Smithers uses a custom React reconciler to turn your JSX workflow definitions into an in-memory host tree, then extracts structured task descriptors and an XML snapshot from that tree. This page explains each stage of the pipeline.

Pipeline Overview

JSX elements (Workflow, Task, Sequence, ...)
  |
  v  React component functions (src/components.ts)
Host elements (smithers:workflow, smithers:task, ...)
  |
  v  Custom React reconciler (src/dom/renderer.ts)
HostElement tree (in-memory)
  |
  v  extractFromHost() (src/dom/extract.ts)
TaskDescriptor[] + XmlNode + mountedTaskIds[]
  |
  v  Engine scheduler (src/engine/scheduler.ts)
PlanNode tree + runnable TaskDescriptor[]

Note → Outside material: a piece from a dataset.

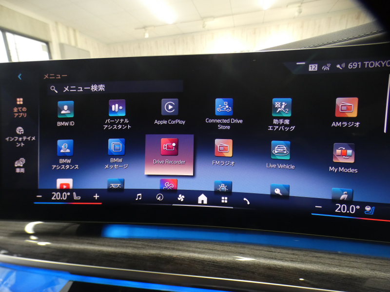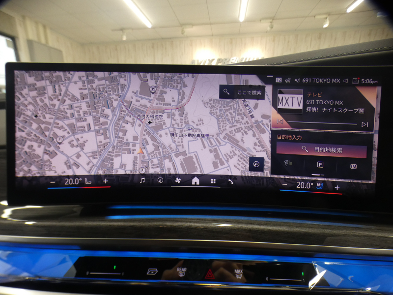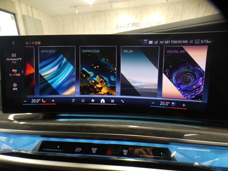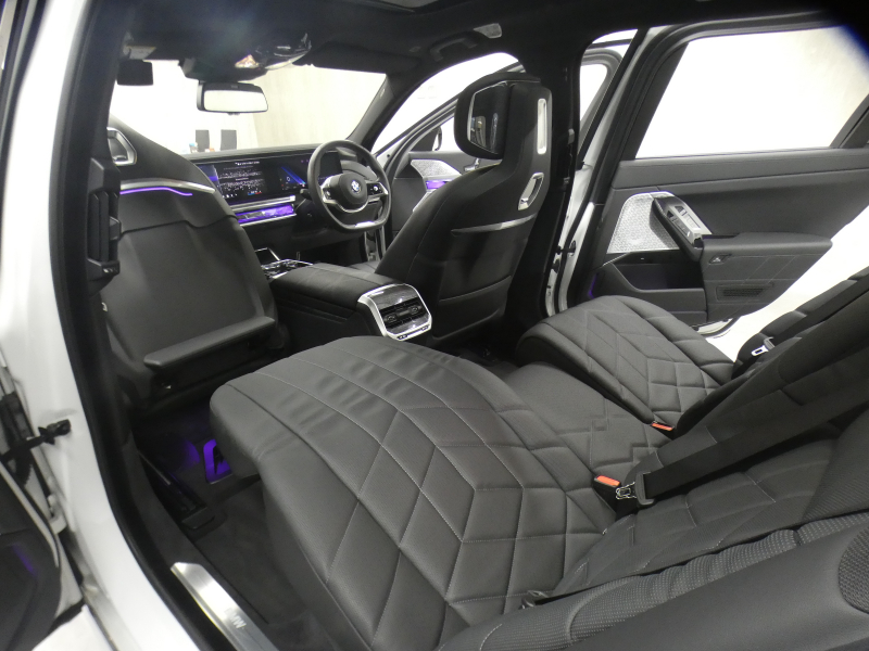 BMWライブ・コックピット(BMWカーブド・ディスプレイ、12.3インチ マルチ・ディスプレイ・メーター・パネル、14.9インチ ワイド・コントロール・ディスプレイ (タッチ・パネル機能付)、HDDナビゲーション・システム(VICS 3メディア対応)、BMWインテリジェント・パーソナル・アシスタント (AI音声会話システム))、ワイヤレス・チャージング、パーソナルeSIM、ハンズフリー・テレフォン・システム、ITSスポット対応DSRC車載器(ルーム・ミラー内蔵、ETC機能付)、電動式チルト&テレスコピック・ステアリング・コラム クラフテッド・クリスタル・フィニッシュ、アンビエント・ライト、BMWインタラクション・バー、オーディオ・ビジュアル・システム(地上デジタルTVチューナー)、USBオーディオ・インターフェイス、トラベル&コンフォート・システム(Type-C対応USBソケット(高速充電機能付))、4ゾーン・オートマチック・エア・コンディショナー (ナノ・ファイバー・フィルター〔花粉除去機能〕付)(運転席&助手席 独立温度調節機能 後席左右 独立温度調節機能 パーキング・ベンチレーション リモート・クライメート・コントロール機能)、シート(マルチファンクション・シート(運転席&助手席、メモリー機能付) アクティブ・ベンチレーション・シート(運転席&助手席)、マッサージ・シート(運転席&助手席)、シート・ヒーティング(フロント&リヤ))、スルーローディング・システム、センサテック・フィニッシュ・ダッシュボード、ベロア・フロア・マット、リーディング・ライト、リヤ・サイド・ウインドー・ローラー・ブラインド(電動)、クライメート・コンフォート・ガラス(赤外線反射ガラス:全面)、自動防眩ルーム・ミラー、照明付バニティ・ミラー(フロント)、照明付バニティ・ミラー(リヤ)、照明付グローブ・ボックス、ドア・シル・プレート、フロント・センター・アームレスト(収納ボックス付)、リヤ・センター・アームレスト(収納ボックス付)、カップ・ホルダー(フロント&リヤ)、ストレージ・パッケージ(Type-C対応USBソケット )

Stage 1: JSX Components to Host Elements

Smithers JSX components are thin wrappers that emit host elements with smithers: prefixed tags. They live in src/components.ts.
JSX ComponentHost TagBehavior
<Workflow>smithers:workflowPasses all props through. Children are rendered as implicit sequence.
<Task>smithers:taskAgent tasks: renders children to a prompt string via renderToStaticMarkup. Static tasks: attaches payload as __smithersPayload. Adds __smithersKind as "agent" or "static".
<Sequence>smithers:sequenceReturns null if skipIf is true. Otherwise passes children through.
<Parallel>smithers:parallelReturns null if skipIf is true. Otherwise passes children through.
<Branch>smithers:branchEvaluates if prop and renders either then or else as children.
<Ralph>smithers:ralphReturns null if skipIf is true. Otherwise passes children through.
The <Task> component does the most work. For agent tasks, it calls renderToStaticMarkup on the children to produce a plain-text prompt string. If a outputSchema prop is present and the child is a React element, it injects the Zod schema as a JSON example into the child via cloneElement.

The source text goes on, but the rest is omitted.